In 2023, China produced 67% of the world’s flake graphite. By 2033, this is estimated to fall to 39% as supply from Mozambique, Madagascar, and Tanzania ramps up.

But, if there isn’t enough investment in the sector, this is likely to lead to even more dependence on Chinese supply at a time when the US is leading the charge to reduce the country’s chokehold on global graphite.

“The lack of investment in flake graphite projects today could lead to demand destruction and increase dependence on China,” Benchmark anode product director Shruti Kashyap said.

“The country continues to increase graphite production and has the potential to step up when required.”

In the case of uncoated spherical graphite, the product of processing flake graphite for use in batteries, nearly 100% of supply came from China in 2023; by 2029, this is 56%.

“However, the growing desire to de-link from China through policy initiatives will nevertheless support ex-China supply growth,” Kashyap said.

“The Inflation Reduction Act in the US and the Critical Raw Materials Act in Europe are key examples of government intervention to boost domestic supply and friend-shoring to reduce dependence on China.”

 

Subsidiaries work around US tariffs

The US has also placed a 25% tariff on Chinese natural graphite (starting in 2026) in the hopes of giving domestic miners a foot in the door – and allowing US OEMs time to source ex-China graphite.

But on the flip side, they’ve also delayed the implementation of Foreign Entities of Concern requirements to 2027 following mounting pressure from battery supply chain players who were chasing an extension on the use of Chinese graphite to qualify for EV tax credits.

Even so, the US government’s moves in the space have already pushed China’s battery giant BTR to build projects overseas where they can produce material that will qualify for aforementioned US federal EV credits.

Already BTR’s 80,000 tonne Indonesian anode material project entered phase I production earlier this month, and plans are in the works for a $300 million Morocco-based cathode facility, its first cathode projects overseas.

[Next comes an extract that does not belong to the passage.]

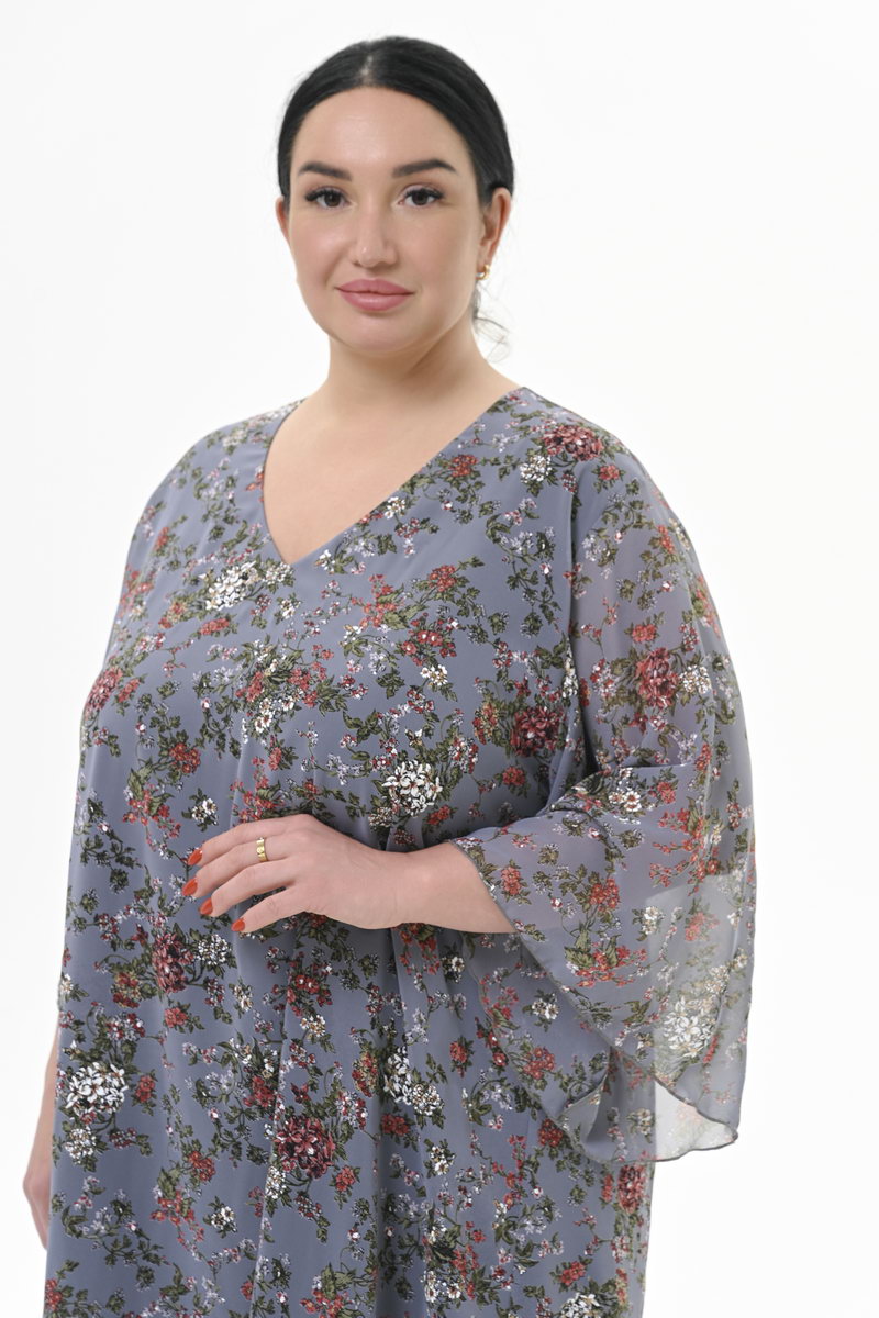 Туника свободная, шифон, принт цветочный, фон графитовый

Plus, they’re inking deals with Ford as a work around to reach US consumers despite the rise of US policies aimed at protecting the domestic battery industry from lower-cost Chinese-owned supply.

That $120m deal will see Ford sourcing synthetic graphite anode materials from Mediterranean New Material Technology, a BTR subsidiary.

Benchmark said moves like this demonstrate how major mid to downstream battery players are responding to low prices – along with the legal manoeuvres Chinese battery materials firms are undertaking to de-risk from mounting policy barriers to US market access.

“Facing intense domestic competition and persistent market surpluses, Chinese anode active materials majors are actively seeking overseas sites to expand their global operations and customer base,” BMI senior analyst Tony Alderson said.

 

More OEMs go direct to the source

A similar recent deal involved Stellantis’ Fiat Chrysler Automobiles, which signed an offtake with natural graphite anode producer Westwater Resources in July.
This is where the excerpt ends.